The past few weeks have been really challenging for me personally as a mom and a wife. The entire household got sick, and it went on for almost 3 weeks.
At first it was me, then hubby, then Rocco. Gosh, I get so paranoid every time Rocco is hit even with a simple cough or cold. This time, it was worse. He was vomiting, had diarrhea, wouldn't eat nor drink fluids.
I was helpless.
And I badly wanted my MAMA to be here.
I guess that's the best description I can give my Mama. She's my lifesaver, my angel, the one person who will always help me out, my protector, my shield, and the list goes on and on. I knew if she was here, everything would be easier.

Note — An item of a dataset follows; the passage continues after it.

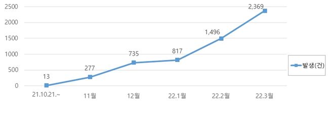 스토킹처벌법 시행(`21. 10. 21.) 이후 월별 스토킹범죄 발생건수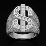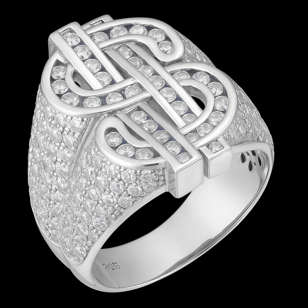 Turn heads with this bold dollar sign ring crafted in genuine 925 sterling silver. Fully iced with premium stones for a bright, high-shine finish, this piece delivers luxury and presence....

Mama and I don't see each other often but I make it a point to call her regularly. I know she appreciates it so much, the same way I would surely feel if Rocco would check on me when he's all grown up.
I guess even if I am a parent myself, I still long for those days when Mama would be the one to take care of me.
Of course now it's different. I have this young boy who looks up to me the way I look up to my own mom. He thinks of me as his angel, protector, consoler, playmate, and the list goes on. I have to live up to those expectations but I know it will come naturally. I am made to be a mama. I thrive in this, and it's what makes me happiest.
Happy Mother's Day to all the rocking moms in the whole world!